In a similar fashion, Sun et al introduce ERNIE 2.0, an extended approach for incorporating external knowledge and capture even more lexical, syntactic and semantic information compared to original ERNIE 1.0. Scarlini et al employ BERT together with semantic networks BabelNet and NASARI in their model SensEmBERT for word sense disambiguation and representing senses in multiple languages. The authors explicitly outline that SensEmBERT better supports rare words and outperforms tailored supervised approaches in the WSD tasks. The model is openly available. Bouraoui et al further evaluate relational knowledge of BERT, namely, whether it predicts a correct relation given a pair of entities like (Paris, France) . The authors identify that BERT is generally good in factual and commonsense tasks, not bad in lexical tasks, and pretty meh in morphological tasks. This is actually a well-presented motivation to augment LMs with KGs! 👏

Entity Matching in Heterogeneous KGs

Different KGs have their own schema for modelling their entities, i.e., different set of properties that might only partially overlap, or totally different URIs. For instance, the city of Berlin in Wikidata has URI https://www.wikidata.org/entity/Q64 while in DBpedia it is http://dbpedia.org/resource/Berlin . If you have a KG comprised of such heterogeneous URIs (that in fact describe one real-world Berlin) you either will consider those entities as independent or need to write/find custom mappings that will explicitly pair those URIs as same (e.g., with owl:sameAs predicate often used in open domain KGs). Maintaining mappings for large-scale evolving graphs is quite a cumbersome task 🤯 . Previously, ontology-based alignment tools relied only on such mappings to identify similar entities. Today, we have GNNs to learn such mappings automatically with just a small training set!

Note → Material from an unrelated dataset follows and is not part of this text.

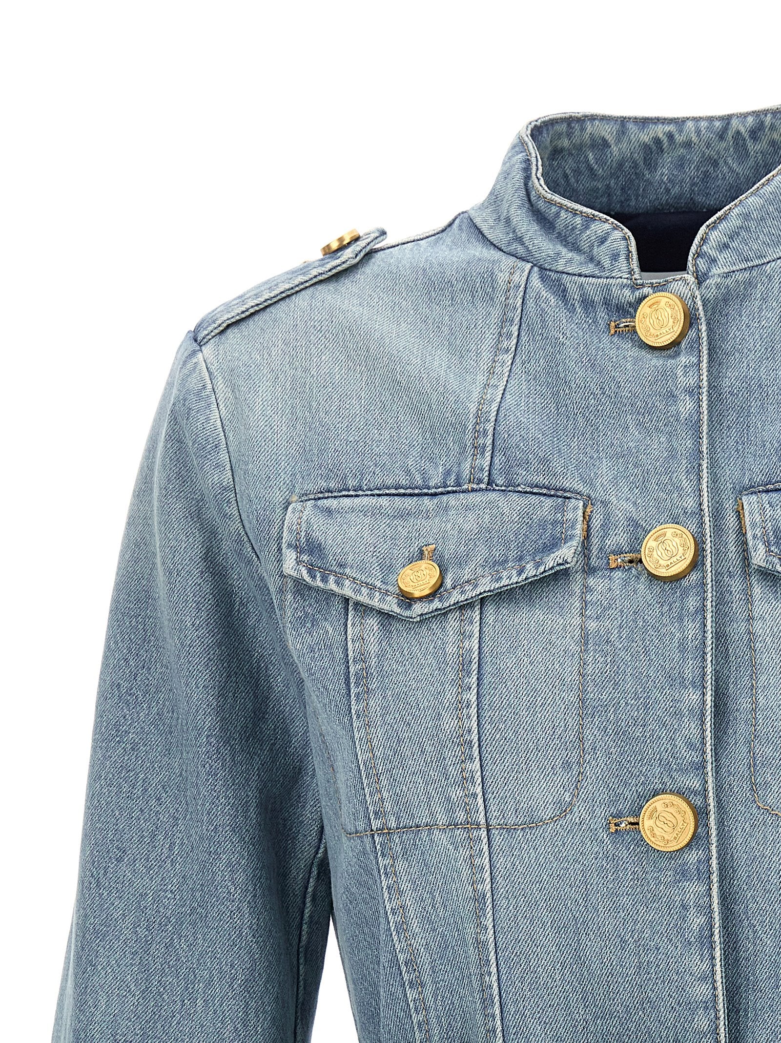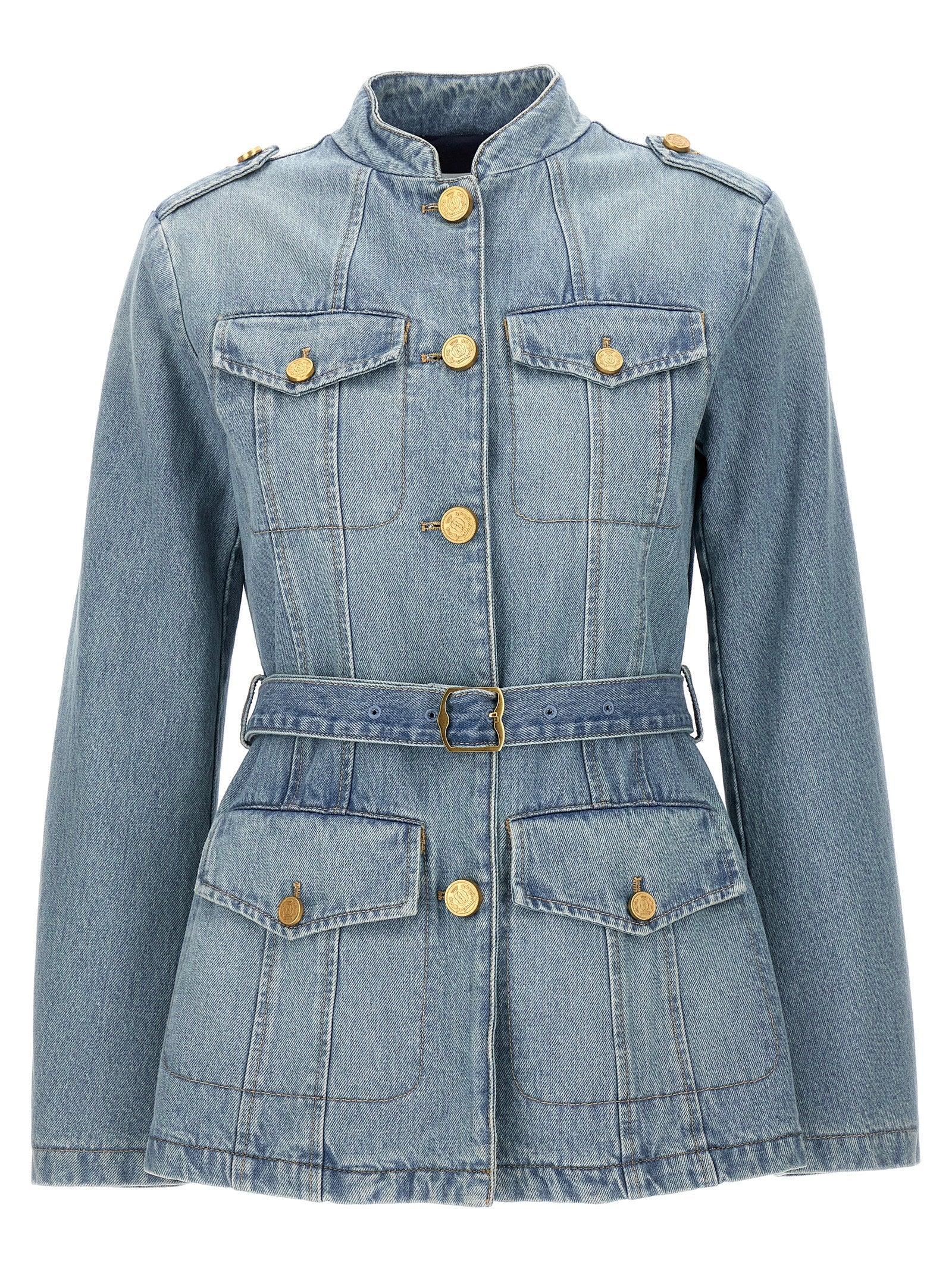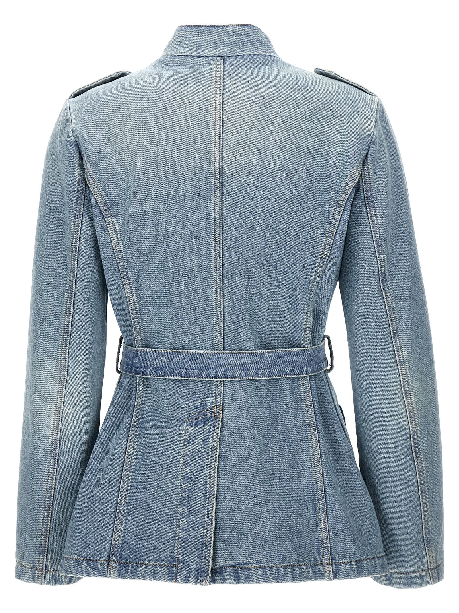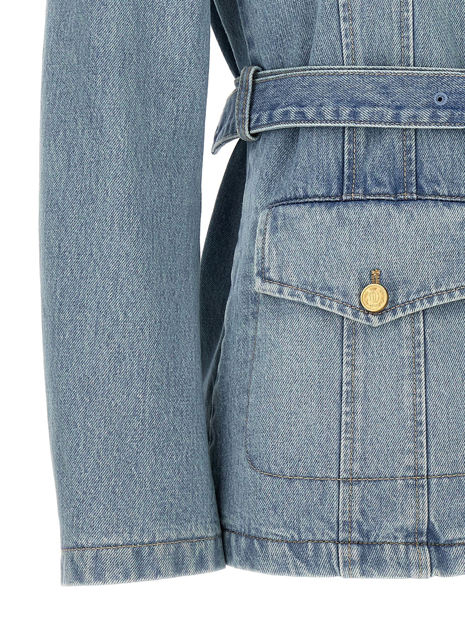 Cotton denim jacket with button closure, belt at the waist, pockets, long sleeves.

🔥 Sun et al propose AliNet, an end-to-end GNN-based architecture able to aggregate distant multi-hop neighbourhoods for entity alignment. Due to the schema heterogeneity, the task gets more complex as neighbourhoods of similar entities in different KGs are not isomorphic. To compensate that, the authors suggest paying attention to n-hop surroundings of a node as well as TransE-style relation modeling with a specific loss function. Eventually, the gate function controls how much information a node gets from 1-,2-,3-hop neighbours. AliNet is evaluated on multi-lingual versions of DBpedia (ZH-EN, JA-EN, FR-EN), on DBpedia -Wikidata, and DBpedia -YAGO datasets. As you know, DBpedia, Wikidata, and YAGO have totally different schemas, so it’s even more surprising to see 90+% Hits@10 prediction accuracy 👀 No more manually created mappings!

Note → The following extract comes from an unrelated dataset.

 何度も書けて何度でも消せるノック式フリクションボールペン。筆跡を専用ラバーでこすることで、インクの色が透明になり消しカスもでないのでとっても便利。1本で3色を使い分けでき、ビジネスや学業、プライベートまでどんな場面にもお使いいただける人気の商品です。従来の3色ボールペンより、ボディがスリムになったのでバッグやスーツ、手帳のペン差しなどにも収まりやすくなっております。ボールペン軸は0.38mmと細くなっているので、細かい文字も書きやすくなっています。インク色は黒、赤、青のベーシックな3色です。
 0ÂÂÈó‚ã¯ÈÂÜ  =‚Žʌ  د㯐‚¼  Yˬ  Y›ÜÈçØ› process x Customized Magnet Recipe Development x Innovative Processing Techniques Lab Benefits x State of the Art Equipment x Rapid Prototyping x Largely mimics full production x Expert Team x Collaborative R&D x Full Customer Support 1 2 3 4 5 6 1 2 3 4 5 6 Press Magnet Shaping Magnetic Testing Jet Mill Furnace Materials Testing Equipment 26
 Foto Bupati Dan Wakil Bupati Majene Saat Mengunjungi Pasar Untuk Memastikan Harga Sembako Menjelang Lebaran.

Xu et al study the alignment problem in multi-lingual KGs (DBpedia in this case) where GNN-based approaches can fall into the “many-to-one” case and generate several candidate source entities for a given target entity. The authors examine how to make the GNN encoding outputs be more sure in their predictions (hence increase Hits@1 score 📈) and offer two strategies: Easy-to-Hard decoding — essentially, a two-pass procedure where the first step invokes an alignment model; at the second step at least K candidates with a probability higher than a threshold 𝛕 are added to the ground truth and the alignment model is executed again. The second strategy employs the Hungarian algorithm to find the best assignment of candidate pairs. Since the algorithm has O(N⁴) time complexity, the authors apply a threshold 𝛕 over probabilities which dramatically reduces candidate sub-spaces and allows the algorithm to run in some reasonable time. Results: depending on the underlying GNN model and task, you could get 3–5% higher H@1.

Knowledge Graph Completion and Link Prediction

AAAI’20 marks and outlines two growing trends: neuro-symbolic computation is back and shiny; temporal KGs are getting more traction.

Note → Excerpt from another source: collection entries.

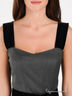 Детали: широкие бархатные лямки, отрезной лиф, скрытая застежка на молнию в левом боковом шве, фигурные вытачки, юбка в складку, в комплекте бархатный пояс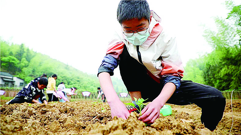 学生们在“勤耕园”劳作。肖竞 摄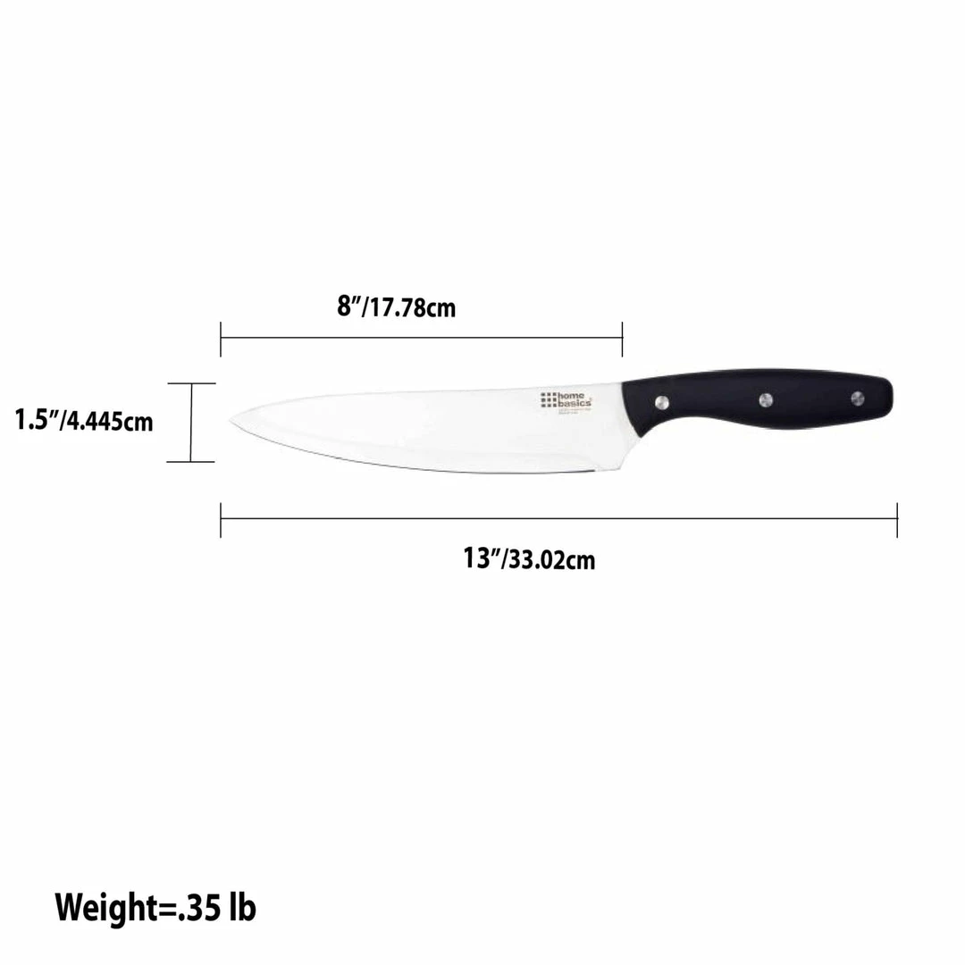Cut and prepare food with ease using this Home Basics Stainless Steel Knife. The razor sharp full tang riveted blade makes it great for slicing, dicing, chopping a wide range of ingredients. Slip-resistant and ultra soft handles provide a comfortable grip, making it a pleasure to use for all your culinary preparation needs.
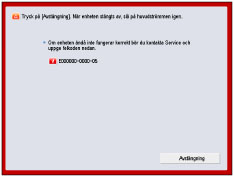 För anvisningar om hur man startar om maskinen (stänger av och sedan slår på huvudströmbrytaren), se "Knapp för huvudström och energisparläge"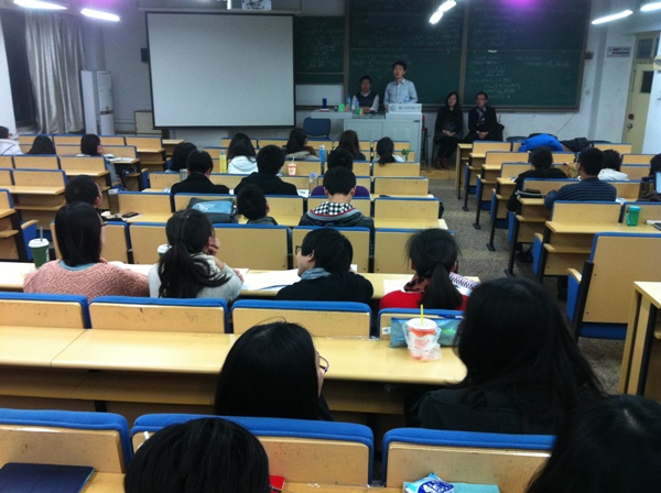 2012 年11月16日 晚6点30分,对外经济贸易大学果冻传媒 、对外经济贸易大学金融市场研究中心(FMI)主办的金融职业规划系列讲座第十八讲“圆桌论坛:成功对接自身特点与职场需求”在博学楼506教室成功举行。讲座由金融市场研究中心主任张海云教授主持,全校师生60余人参加了本次讲座。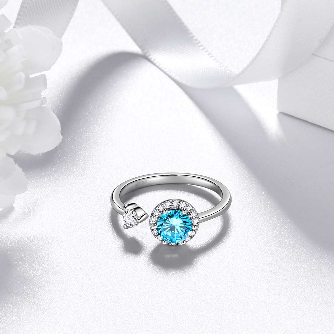 Aurora Tears Round March Birthstone Anelli per donne e ragazze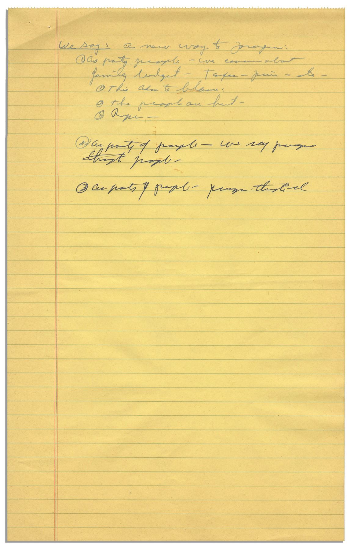 Handwritten note by Richard Nixon in August 1966 as a Presidential hopeful outlining his campaign themes. As Nixon prepares for the 1968 Presidential election, he writes, ''We say: A new way to progress: As party people we're concerned about family budget - taxes - prices - etc - This adm [Johnson administration] to blame / the people are hurt...'' He continues, ''...As party of people we say progress through people...'' Single-page document on a ruled sheet measures 8.5'' x 13.25''. Two staple punctures to top left. Near fine. From a larger collection of Nixon's handwritten notes from 1966.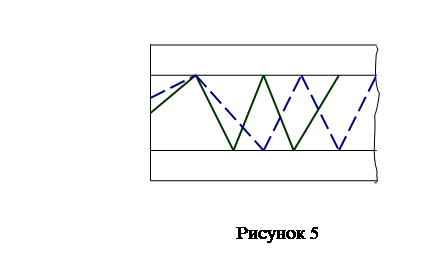 Модовая дисперсия возникает вследствие того, что каждая мода проходит разный путь по ОВ, как показано на рисунке 5, а следовательно имеет различную скорость вдоль оси волокна.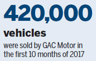 GAC Motor, which was established in 2008, realized a year-on-year increase of 42.4 percent in sales to 420,000 vehicles in the first 10 months of 2017. The seven-seat GS8 has already become a hot SUV model in the domestic market, with sales topping 10,000 in October alone.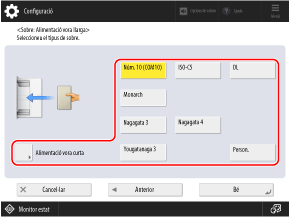 Premeu [Alimentació vora llarga] o [Alimentació vora curta] segons l'orientació dels sobres i seleccioneu la mida del sobre.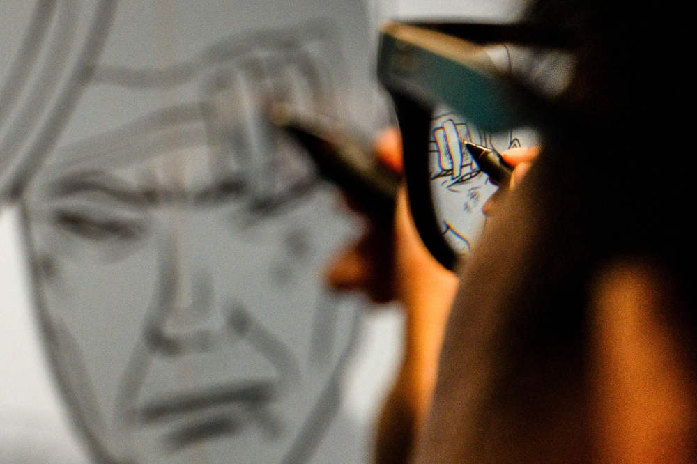 But he taught himself how — by taking photographs of himself and his surroundings and then copying them with a pen — while working part-time at a convenience store and delivering pizzas.

As to neuro-symbolic paradigm, Minervini et al extend Neural Theorem Provers (NTPs) to Greedy NTPs (GNTPs). NTPs are end-to-end differentiable systems that learn rules and try to prove facts given the rest of the KG. Although NTPs bring explainability, their complexity grows extremely fast on the KG size, and NTPs could not be evaluated on reasonably large datasets (not talking about whole KGs like Wikidata). To alleviate the problem, the authors derive a greedy kNN strategy to select facts that can maximize proof scores thus making GNTPs far more scalable. 🎉 Moreover, in addition to (s,p,o) triples, the authors also allow rules to be expressed in natural language as mentions, e.g., “London is located in the UK”. Experimenting on the link prediction tasks the authors find that text mentions even encoded with a simple bag of embeddings model yield significantly better results.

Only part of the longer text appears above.